Franc Moody are an idiosyncratic London collective who marry contemporary concerns with classic, crate-digging sounds. They are, in many ways, the brainchild of partners-in-crime Ned and Jon, who were raised on the contrasting influences of a classical household (Jon) and the searing soul of New Orleans (Ned) but both finding an enduring love of dance music in nearly all it’s forms. The pair first met when they were part of a group of musicians who took over an abandoned warehouse in North London, which soon became a staple of the local area thanks to the raucous live shows they put on which lasted well into the night. Gradually, the idea of making records on their own that reflected that history of underground dance culture (its energy, community, and urgency) became entwined into the philosophy of Franc Moody, and the musicians they met along the way have formed the live experience with them, and are very much a part of a collective feel that Ned and Jon have fostered around the music.

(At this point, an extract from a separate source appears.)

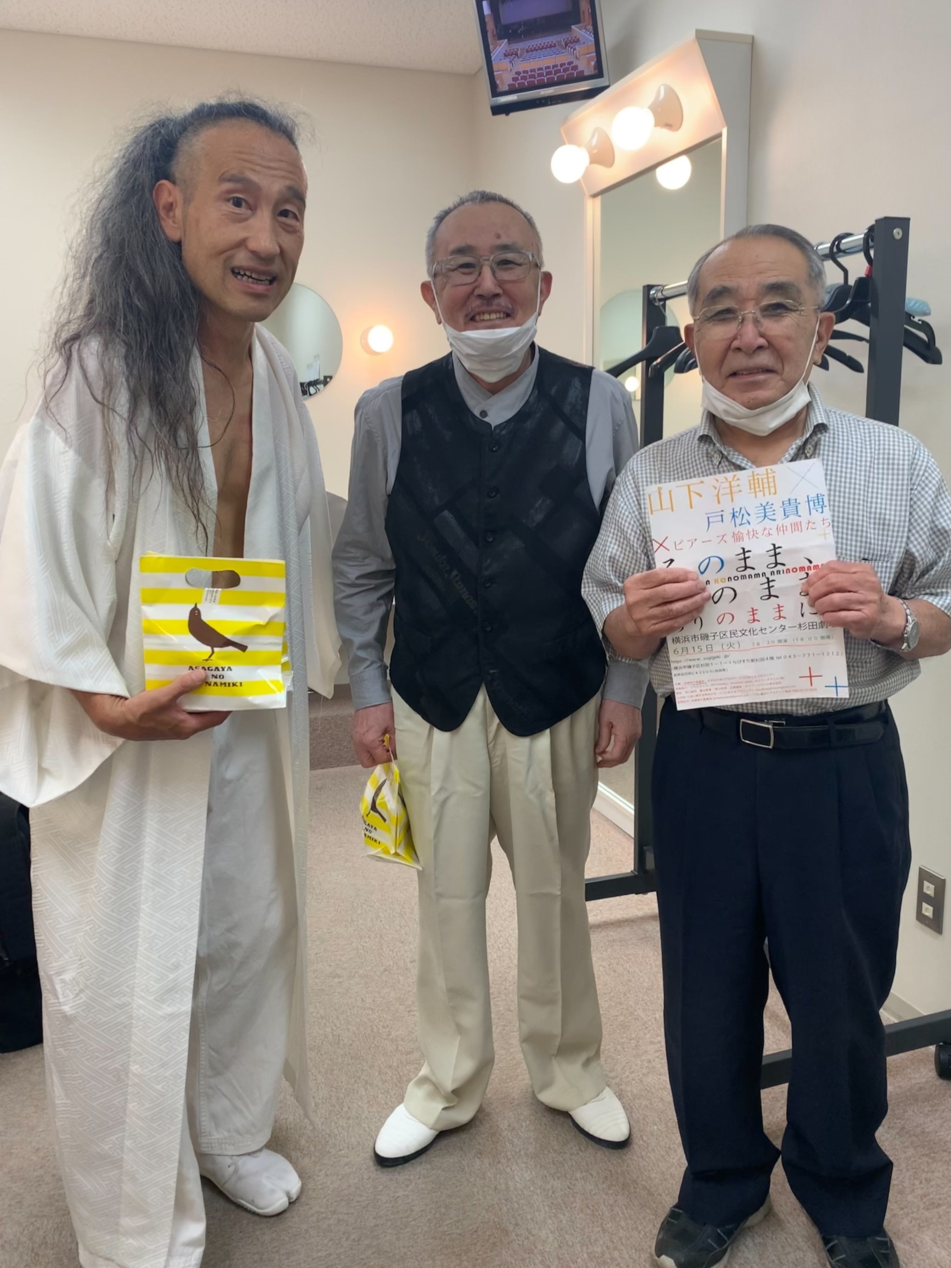 杉並区からご来場頂いた山下啓義さんは、じつは、山下洋輔さんのお兄様で琴古流尺八指南(その名は山下明童さん)、学生のころ洋輔さんをジャズの道へと引きずり込んだ張本人としても良く知られている方です笑!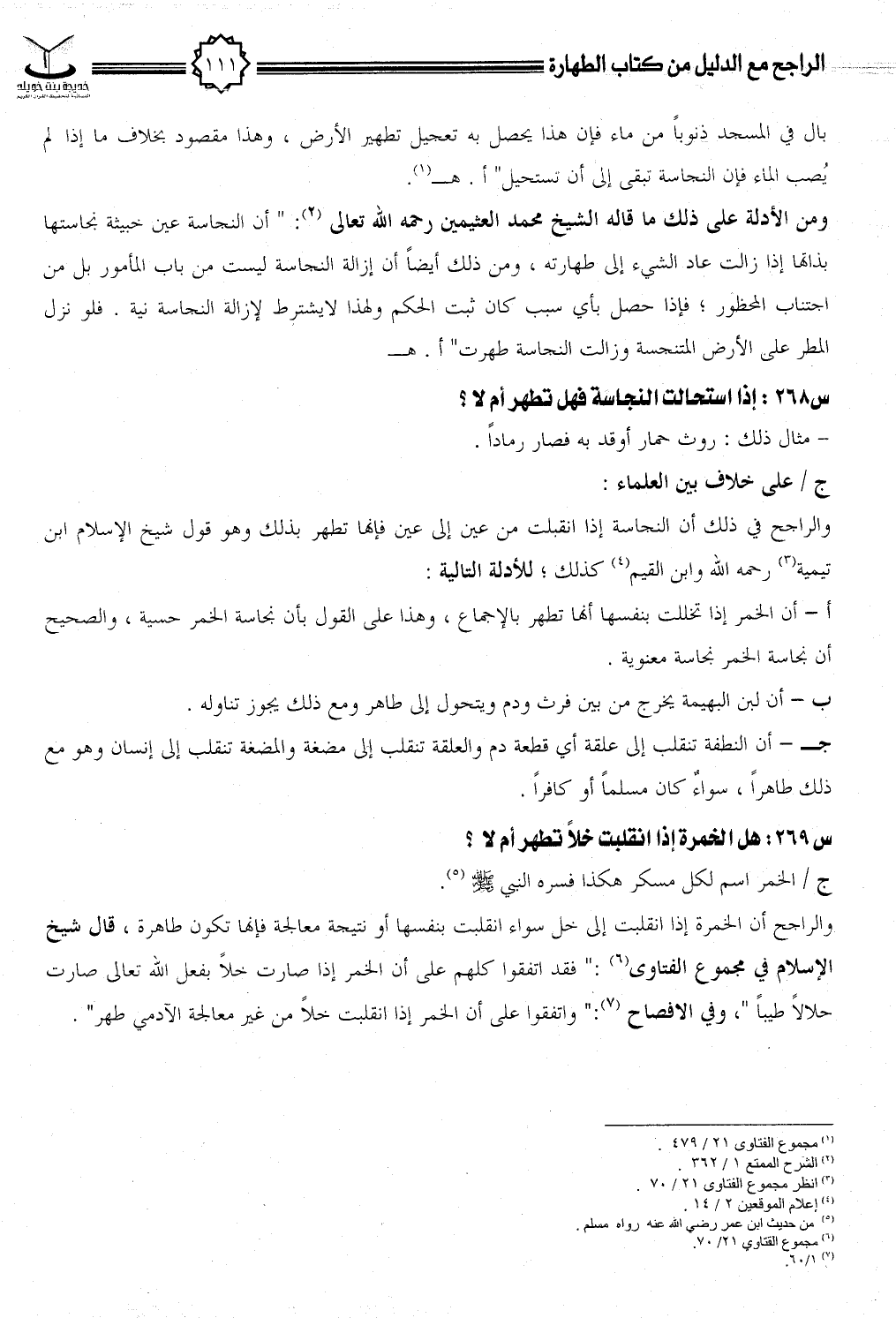 والراجح في ذلك أن النجاسة إذا انقلبت من عين إلى عين فإنها تطهر بذلك وهو قول شيخ الإسلام ابن تيمية (¬3) رحمه الله وابن القيم (¬4).

It’s an energy that has evolved across Franc Moody’s releases to date, and now looks set to be pushed further still on the band’s forthcoming debut album. Inspired by heroes like Daft Punk or Jamiroquai, Franc Moody draw from the style and techniques of disco and techno whilst simultaneously threading influences of contemporary dance music into everything they do. In a time when London’s nightlife is dogged by closure and censure, the timeless (but timely) need for nightlife also appears paramount to Franc Moody – a band as seemingly beholden to Studio 54, The Haçienda or rave culture as they are Louisana Crawfish boils or (in their case) a Tottenham warehouse, in the belief that the party ultimately starts and stops with the individual.
Having already sold out the likes of London’s Village Underground, Heaven – and supported acts ranging from Nile Rogers & Chic to Friendly Fires and Parcels – Franc Moody have amassed the kind of IRL following which few independent bands can rival. Soon, ‘Terra Firma’ may be all that’s holding them down.